Александр сбросил с себя плащ, рассыпав свитки, и пошёл ему навстречу.

– Иди к огню. Принесите стул, кто-нибудь!.. Иди согрейся. И, пожалуйста, скажи нам правду. Кто умер?

– Мой гостеприимец, Гермей Атарнейский.

Услышав прямой вопрос, требовавший ответа, он смог заговорить. Александр крикнул в дверь, чтобы подогрели вина… Все собрались вокруг своего учителя, вдруг постаревшего разом; а тот сидел, глядя в огонь. Потом, на момент, протянул руки к жаровне – погреть, – но тотчас убрал их назад, словно это движение разбудило в нём какую-то ужасную мысль.

– Это Ментор с Родоса, генерал царя Окия… – начал он, и снова умолк.

– Брат Мемнона, который снова Египет покорил, – подсказал Александр остальным.
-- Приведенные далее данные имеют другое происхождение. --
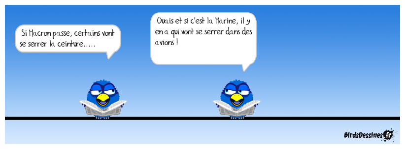 Case 1:Bird 1: Si Macron passe, certains vont se serrer la ceinture..... | Case 2: Bird 1: Ouais et si c'est la Marine, il y en a qui vont se serrer dans des avions ! | Case 3:

– Он хорошо послужил хозяину своему… – Голос тоже стал старым, тонким. – Варвары такими родятся, они в своей подлости не виноваты… Но эллин, который опускается до того, чтобы служить им… Гераклит сказал: «Испорченный лучший становится худшим». Он предаёт саму природу. И потому становится даже подлее хозяев своих.

Лицо у него пожелтело; те кто был рядом – видели, что он дрожит. Чтобы дать ему время прийти в себя, Александр сказал:

– Мы никогда Мемнона не любили. Верно, Птолемей?
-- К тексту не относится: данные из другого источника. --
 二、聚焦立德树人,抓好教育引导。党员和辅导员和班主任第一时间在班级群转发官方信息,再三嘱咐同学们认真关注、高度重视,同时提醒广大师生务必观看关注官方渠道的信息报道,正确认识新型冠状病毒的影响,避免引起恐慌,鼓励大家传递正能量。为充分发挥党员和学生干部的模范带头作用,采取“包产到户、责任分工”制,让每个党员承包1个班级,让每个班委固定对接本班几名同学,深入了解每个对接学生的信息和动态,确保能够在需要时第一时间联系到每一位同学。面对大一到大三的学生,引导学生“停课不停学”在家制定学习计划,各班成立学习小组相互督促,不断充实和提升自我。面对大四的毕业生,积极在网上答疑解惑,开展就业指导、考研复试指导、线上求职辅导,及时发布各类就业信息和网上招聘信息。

– Гермей принёс тем землям, где правил, справедливость и лучшую жизнь. Царь Окий жаждал тех земель, и ненавидел пример его… Какой-то враг, – я подозреваю, что сам Ментор, – принёс царю кляузу, а тот рад был поверить… Тогда Ментор, прикинувшись другом, предупредил Гермея об опасности и пригласил к себе, посоветоваться. Тот поверил и поехал. В своём городе, за стенами, он мог бы продержаться долго, ему мог бы помочь… какой-нибудь сильный союзник, с кем у него уговор был…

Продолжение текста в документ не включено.